Buka konten ini

BATAM (BP) – Komisi III DPRD Provinsi Kepulauan Riau menyoroti kebijakan Harga Patokan Mineral (HPM) Pasir Kuarsa yang dianggap tidak lagi sesuai kondisi pasar. Sorotan muncul menyusul keluhan pelaku usaha terkait anjloknya harga global dan meningkatnya beban fiskal daerah.
Pertemuan berlangsung Rabu (14/1) dan dipimpin Ketua Komisi III DPRD Kepri, Teddy Jun Askara, serta dihadiri Kepala Dinas ESDM Kepri, M. Darwin.
Direktur PT Multi Mineral Indonesia (MMI), Ady Indra Pawennari, menyampaikan bahwa HPM Pasir Kuarsa yang ditetapkan melalui Keputusan Gubernur Kepri Nomor 481 dan 565 Tahun 2025 tidak lagi sejalan dengan kondisi pasar saat ini.
“Harga pasir kuarsa di pasar global dan domestik turun lebih dari 50 persen dibandingkan tiga hingga empat tahun lalu, sementara beban pajak daerah dan opsen justru meningkat,” kata Ady.
Ady memaparkan, dari target produksi tahun 2025 sebesar 2,58 juta ton, realisasi PT MMI hanya mencapai sekitar 106 ribu ton atau 4,1 persen. Menurutnya, rendahnya produksi tersebut lebih disebabkan oleh tekanan pasar dan melemahnya permintaan, bukan ketidakpatuhan perusahaan.

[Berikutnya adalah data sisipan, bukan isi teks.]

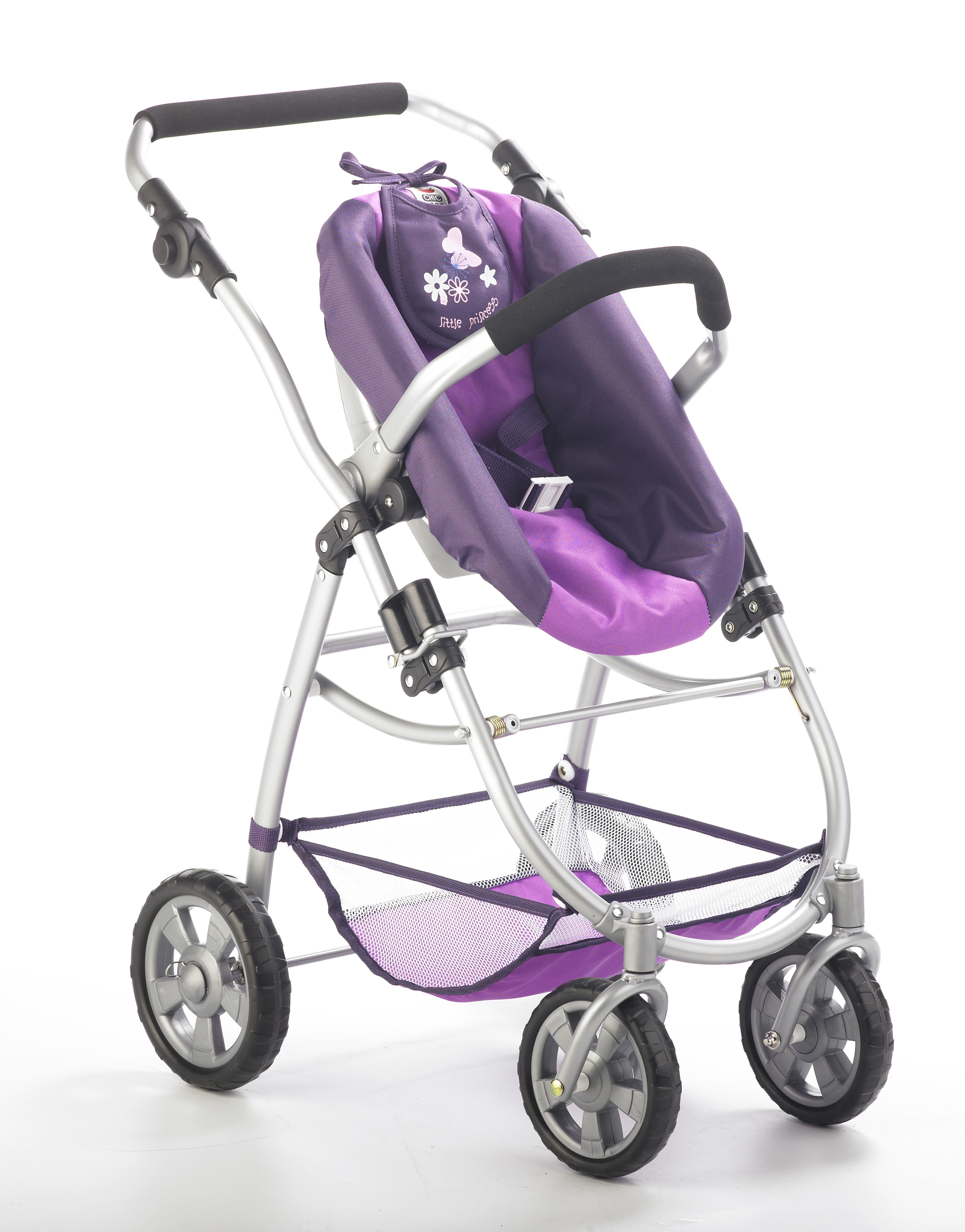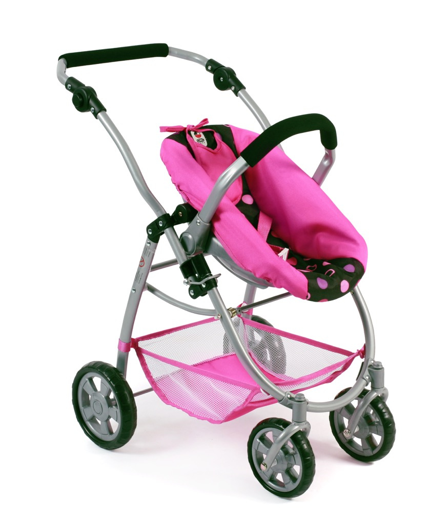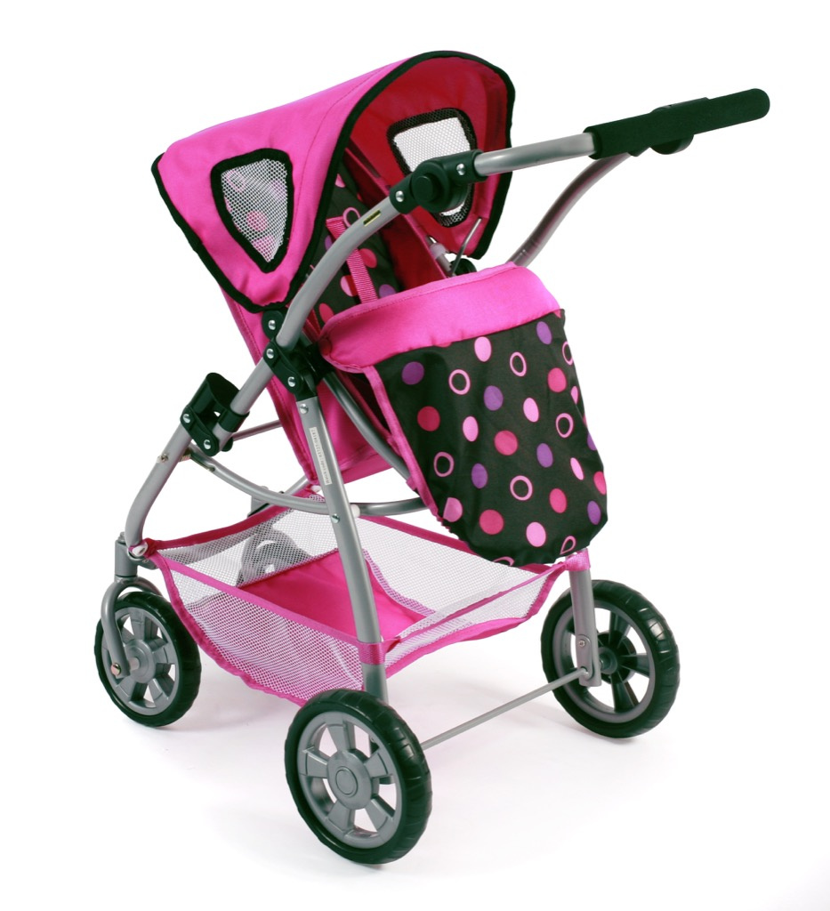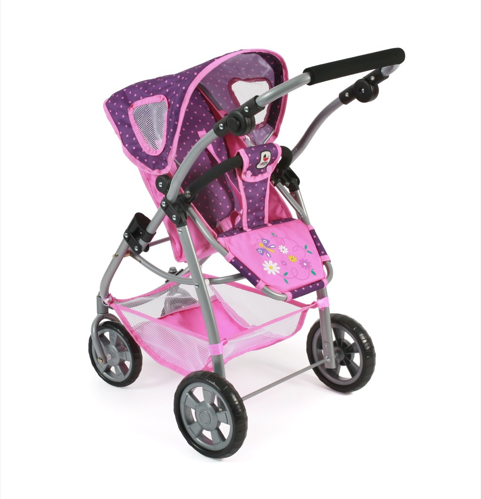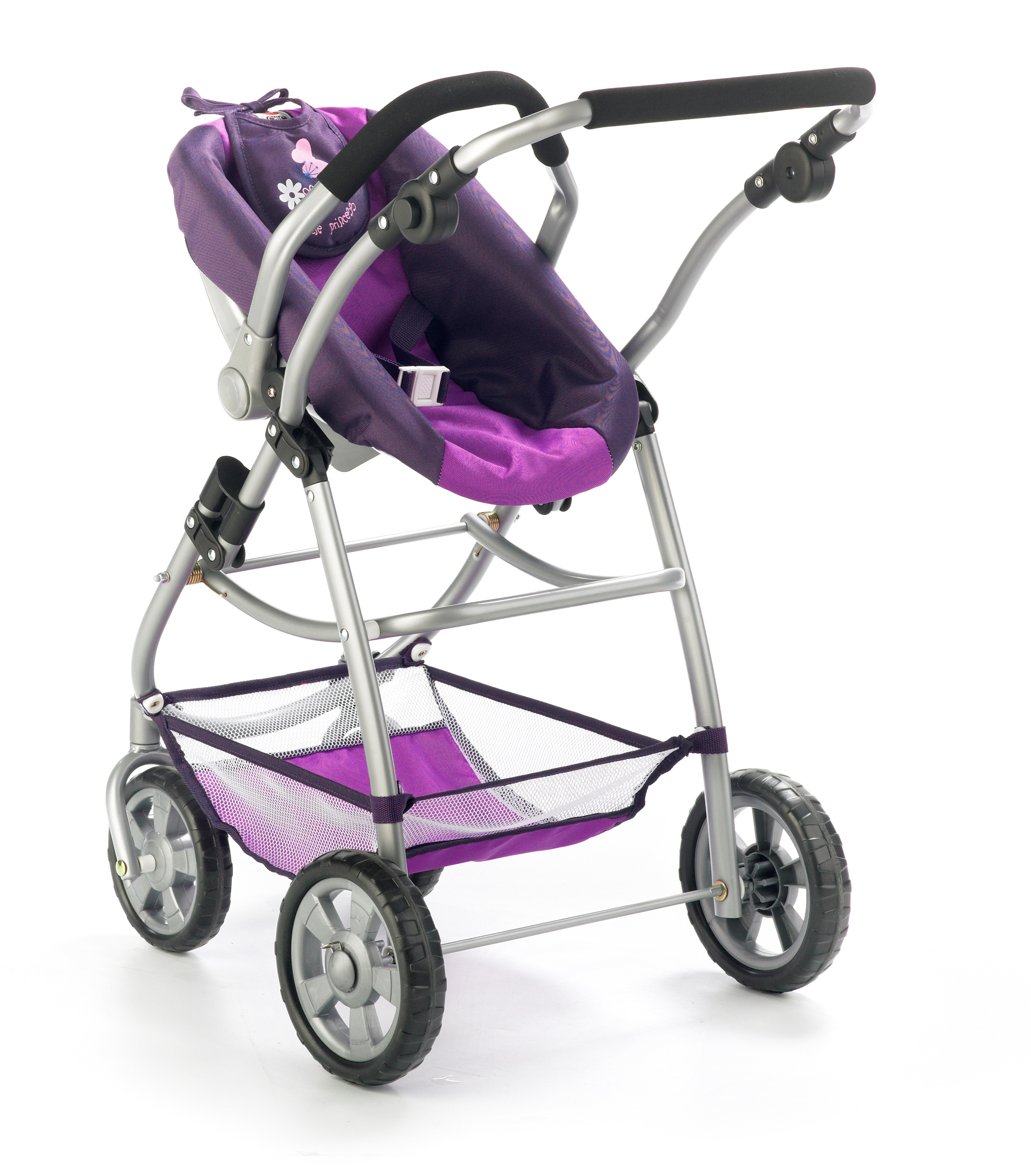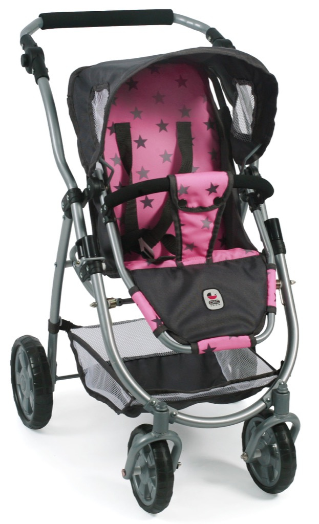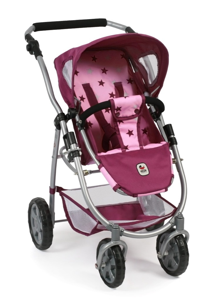 Korbičky lze složit na plocho pro transport nebo uskladnění. Sportovní korba má hrazdu a pás na upínání panenky. V hluboké korbě je slamníček. Korbička je vybavena ušima pro snadné přenášení, autosedačka je vybavena klasickým madlem, jako je to u sedaček pro dětská miminka. Přední kolečka se otáčejí kolem svislé osy. Kočárek má nastavitelnou rukojeť, samozřejmostí je síťka na drobnosti ve spodu kostry.

Meski begitu, perusahaan tetap berkomitmen menyetorkan kontribusi fiskal. Sepanjang 2025, PT MMI tercatat telah menyetorkan penerimaan negara dan daerah sebesar Rp2,67 miliar, yang berasal dari pajak daerah, opsen, PNBP, dan pajak ekspor.
Pelaku usaha berharap Komisi III DPRD Kepri dapat menjadi penghubung antara dunia usaha dan pemerintah daerah untuk mendorong evaluasi HPM agar lebih kompetitif dan adaptif terhadap dinamika pasar.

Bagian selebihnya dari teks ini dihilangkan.